# Get on Board with the latest HOT Woodworking product!



## 33706 (Mar 5, 2008)

Part of the G-8/G-20 Summit talks revolved around a new standard for timekeeping, to bring us closer in line with new standards already adopted in Europe and Asia. By October, 2012, North America will have to adopt METRIC time standards and discontinue the old english system. That's right, soon we will have 10 hours in a day, 100 minutes in an hour, and so on and so forth. What this means for us woodworkers is that we can tool up for a new clock face design, with one- o'clock thru 10- o'clock on the dial. * This is going to be the hottest new woodworking product*, which for now the conversion is being kept secret in anticipation of HUGE public resistance. All twelve-hour faces manufactured in the last 400 years will be obsolete. This is only phase one; a metric calendar with 10 months/year (and 10 days/week) is also in the works…There will be severe penalties under the law for violators, and anyone displaying the old 24-hour timepieces will be subject to criminal prosecution. I'm bringing this up only as a heads-up for woodworkers like myself looking for new product lines….those metric battery-operated crystal quartz clock guts are already available through the usual outlets…who again will be subject to heavy fines if they are caught selling the old-style mechanisms.


----------



## RedShirt013 (May 17, 2008)

What's the actual news behind this? Is North America going to fully switch to metric measurement system?


----------



## woodspark (May 8, 2010)

Does this mean the days get shorter or longer? I opt for longer days and shorter nights… Nah, maybe not!


----------



## richgreer (Dec 25, 2009)

I know this is all met to be a joke and I appreciate that. However, I would like to make a comment on the metric system versus the imperial system.

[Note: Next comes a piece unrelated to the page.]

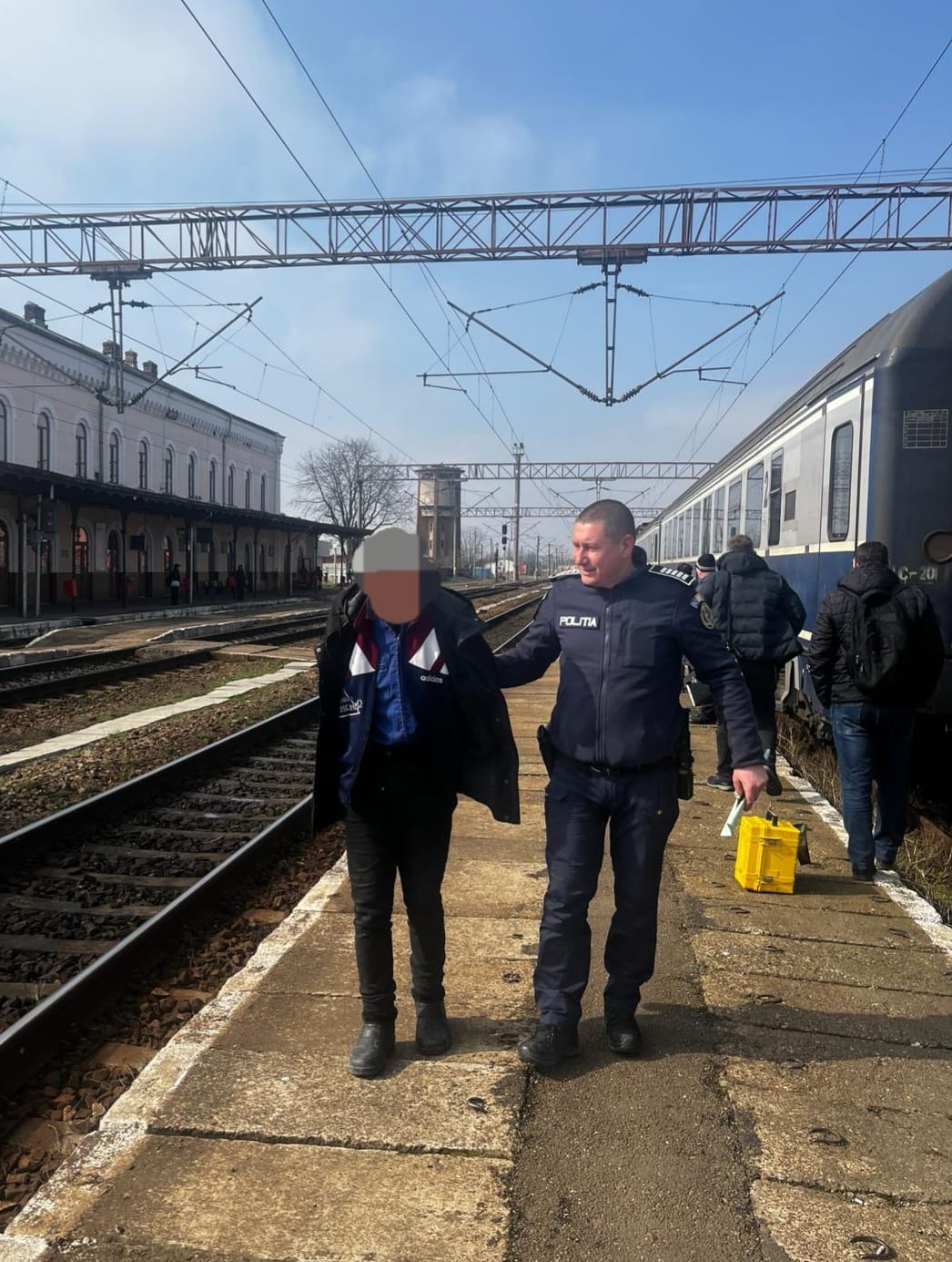 Ulterior, din cercetări s-a stabilit faptul că celălalt tânăr bănuit de comiterea faptei se află în trenul Botoșani-Iași, fiind interceptat la Verești, unde a fost scos din tren de către polițiștii din cadrul Biroului Județean de Poliție Transporturi.
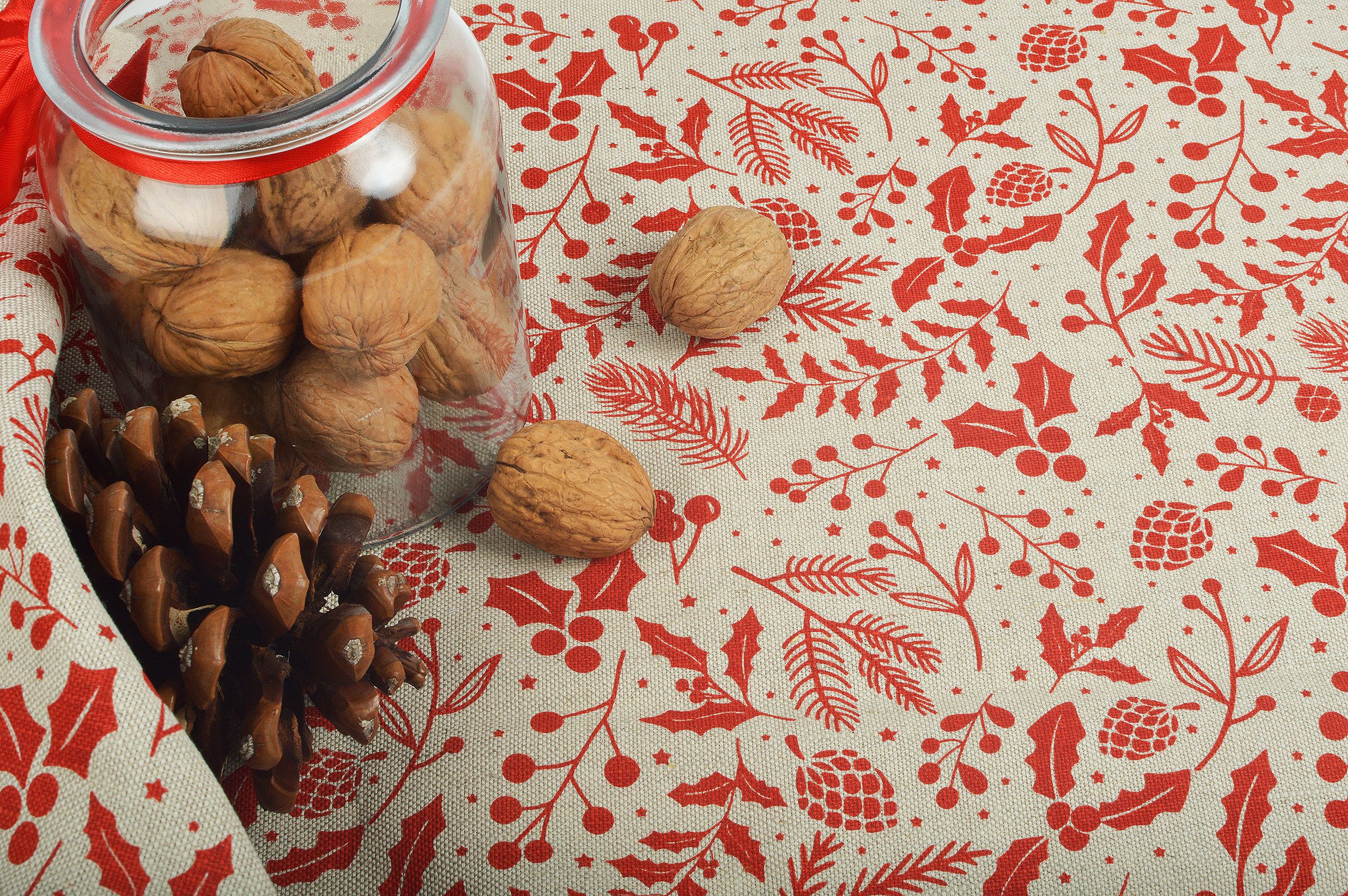 Puslininis audinys, margintas raudonos spalvos stilizuotų Kalėdinių augalų motyvais. Audinys nėra minkštintas, todėl išlaiko natūralų, šiek tiek standesnį paviršių – idealų tekstilei, kuriai svarbi forma ir tvirtumas. Puikiai tinka virtuvės tekstilei, stalo gaminiams, namų dekoracijoms bei aksesuarams, kuriuose derinamas funkcionalumas ir estetinė išraiška.

Whenever I need to convert something from imperial to metric I need to do a calculation or reference a table or chart. It does not come naturally to me. I think this is true of most Americans.

I've traveled quite a bit in countries that use the metric system (that would be all of them except the US) and I have observed contributions on this board from people from other countries. I am continually impressed by people who can convert from metric to imperial so quickly and easily.

Last night I was watching the Late Show with David Letterman. He talked with a tall person in the audience who was visiting the US from Australia. David Letterman asked him how tall he was and he immediately said, without hesitation, "6 feet 5 inches". If I were in a metric country and someone asked me how tall I was I could not give my height in metric terms.

This is another example of how people from other countries know us and our language and our conventions better than we know theirs.


----------



## 33706 (Mar 5, 2008)

Thanks, Rich!
whatever system we use, it's the one we're most comfortable with. It's only the conversions that are difficult. If elementary schools focused more on the USE of the metric system, and avoided confusing our young minds with those complicated conversion formulas, we would have taken to it like water. I like using gauges, scales, rulers that are marked in both units of measure. That way, when the weather forecaster predicts -02 C degrees in the morning, I can open the fridge and see that -02 Celsius is 29 degrees Fahrenheit on the thermometer. Ta-da… no nasty calculation involved. And.. get a beer while I'm at it.


----------



## tyskkvinna (Mar 23, 2010)

I have to admit that after growing up around both of them, I don't convert so much as just have them both memorised and they make equal sense to me. If I have to convert something weird, it takes a little bit of effort. I think this is the case for many people who convert on a regular basis.


----------



## wseand (Jan 27, 2010)

My conversion for temperature is easy, it is either cold as a Canadians A$$, or it's Africa Hot, anything in between is tolerable.


----------



## antieuclid (Feb 6, 2010)

XKCD, a webcomic that covers a lot of science/math/computer topics, did an incredibly useful chart about this: http://xkcd.com/526/


----------



## Knothead62 (Apr 17, 2010)

Try this: www.onlineconversion.com


----------



## stefang (Apr 9, 2009)

This is total BS of course and I don't mean band saw. Good for a laugh anyway. I do like the metric system a lot though as it's easier. I can understand though why it is a problem in England and the States. All those tools and fasteners for just one little example.


----------



## richgreer (Dec 25, 2009)

If I could start my life over and decide which measurement system I wanted to use, it would be metric. I've traveled enough that I know centigrade temperature measurements well (set the room temperature at 21 in your hotel room) but I struggle with lengths, volumes, and weight.

Also - In the US we measure car/gas efficiency in miles per gallon and high is good. In other countries they measure liters per kilometer and low is good. Gets very confusing.


----------



## Gregn (Mar 26, 2010)

Its all in which you grew up with. Look at kids today that can't tell time without a digital watch, to them 11:45 is 15 minutes to, for me its quarter till 12. While for me Imperial measurements have flair and metric seems flat or generic. I will have to admit though there are those times when both measurements come into play in my life that you just have to deal with it.


----------



## rtb (Mar 26, 2008)

The real problem is that faced with metric we try to convert rather than just working with metric. Sure we have to learn new names but then its just multiables often just like money AND no fractions ever.


----------